Brief | Below is a listing; restate from it, character for character, the lines beginning at the line holding "4) Po kliknutí" and ending at the line holding "男性向けラノベタイトル風あだ名 | 『ノーゲーム・ノーユノスケ』 |", both included.

Exercise data |
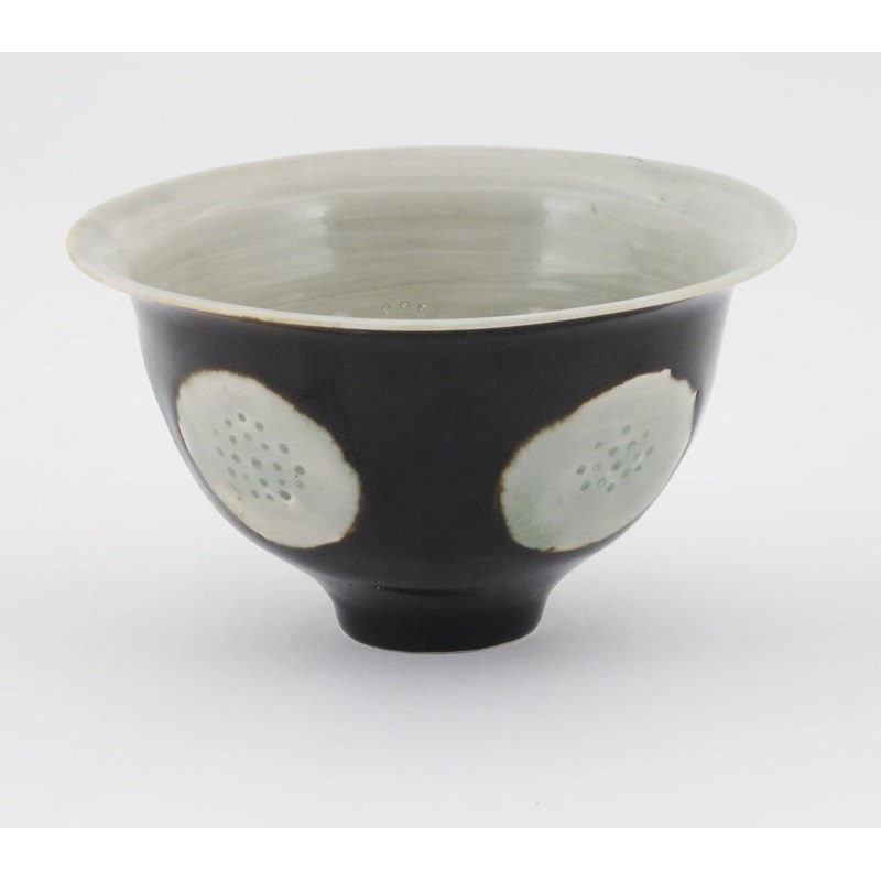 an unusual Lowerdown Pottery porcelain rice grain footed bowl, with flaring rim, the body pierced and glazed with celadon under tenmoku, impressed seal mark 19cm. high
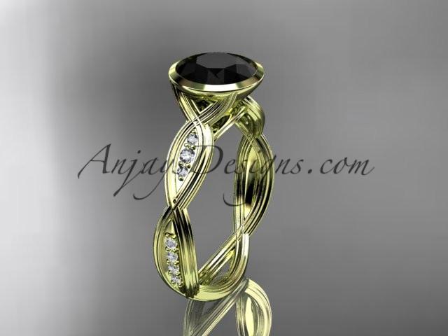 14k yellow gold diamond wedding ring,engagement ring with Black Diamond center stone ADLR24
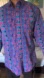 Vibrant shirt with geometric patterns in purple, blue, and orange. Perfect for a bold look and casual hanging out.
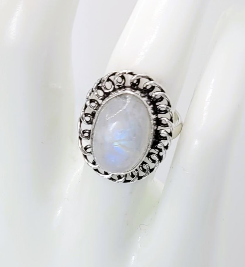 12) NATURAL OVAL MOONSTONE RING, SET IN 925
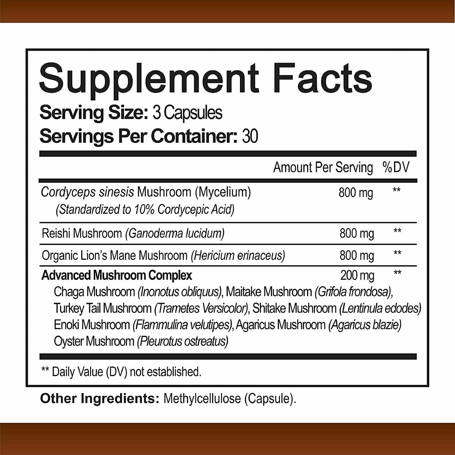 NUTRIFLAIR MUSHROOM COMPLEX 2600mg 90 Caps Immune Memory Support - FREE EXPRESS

* * *

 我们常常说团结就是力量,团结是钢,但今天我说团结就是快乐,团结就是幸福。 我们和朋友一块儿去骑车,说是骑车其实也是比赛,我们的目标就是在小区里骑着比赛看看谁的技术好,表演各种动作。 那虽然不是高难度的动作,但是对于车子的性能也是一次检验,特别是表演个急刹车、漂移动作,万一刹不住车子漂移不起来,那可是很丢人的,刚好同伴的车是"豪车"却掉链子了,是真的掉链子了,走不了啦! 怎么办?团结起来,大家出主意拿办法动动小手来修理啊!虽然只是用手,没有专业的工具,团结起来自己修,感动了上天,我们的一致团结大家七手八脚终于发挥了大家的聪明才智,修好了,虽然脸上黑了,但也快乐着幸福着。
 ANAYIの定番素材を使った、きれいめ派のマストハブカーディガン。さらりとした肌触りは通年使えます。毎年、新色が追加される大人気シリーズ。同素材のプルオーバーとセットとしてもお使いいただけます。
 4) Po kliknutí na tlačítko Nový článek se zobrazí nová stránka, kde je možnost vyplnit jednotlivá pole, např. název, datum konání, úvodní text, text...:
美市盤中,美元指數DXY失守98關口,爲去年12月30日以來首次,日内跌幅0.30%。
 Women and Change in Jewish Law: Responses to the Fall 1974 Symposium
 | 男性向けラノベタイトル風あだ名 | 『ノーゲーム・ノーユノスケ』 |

...

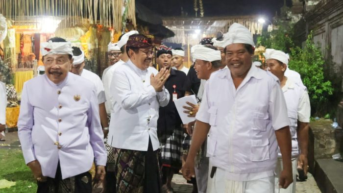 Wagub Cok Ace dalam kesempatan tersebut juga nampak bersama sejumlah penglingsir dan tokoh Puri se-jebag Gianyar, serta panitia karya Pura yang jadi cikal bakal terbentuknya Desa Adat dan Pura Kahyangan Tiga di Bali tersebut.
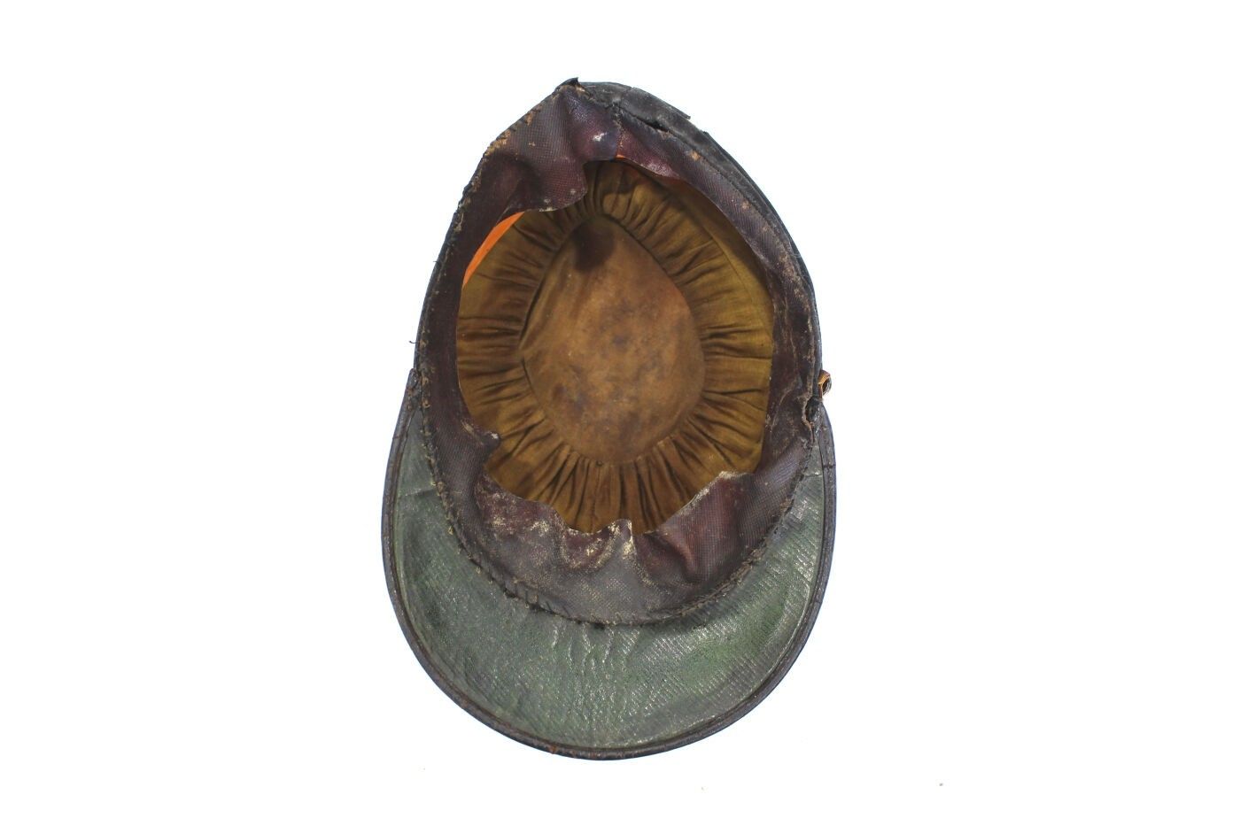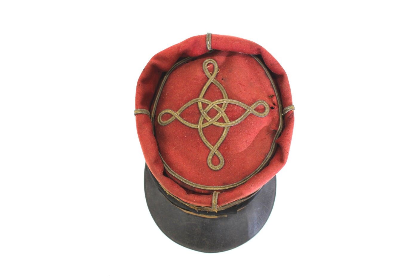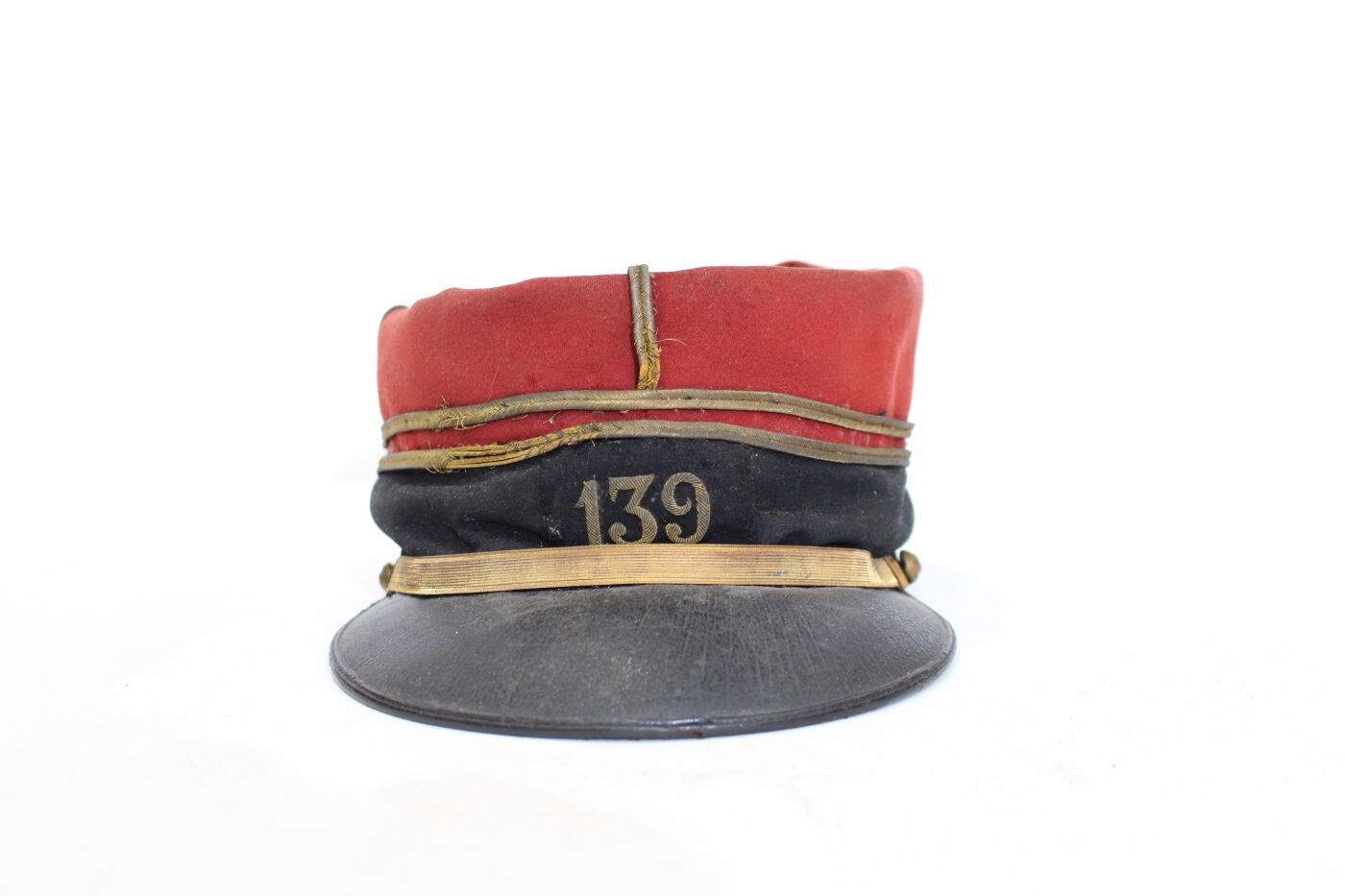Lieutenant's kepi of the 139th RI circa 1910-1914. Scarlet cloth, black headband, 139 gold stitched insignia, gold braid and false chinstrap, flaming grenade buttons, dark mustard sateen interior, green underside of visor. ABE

Response |
 4) Po kliknutí na tlačítko Nový článek se zobrazí nová stránka, kde je možnost vyplnit jednotlivá pole, např. název, datum konání, úvodní text, text...:
美市盤中,美元指數DXY失守98關口,爲去年12月30日以來首次,日内跌幅0.30%。
 Women and Change in Jewish Law: Responses to the Fall 1974 Symposium
 | 男性向けラノベタイトル風あだ名 | 『ノーゲーム・ノーユノスケ』 |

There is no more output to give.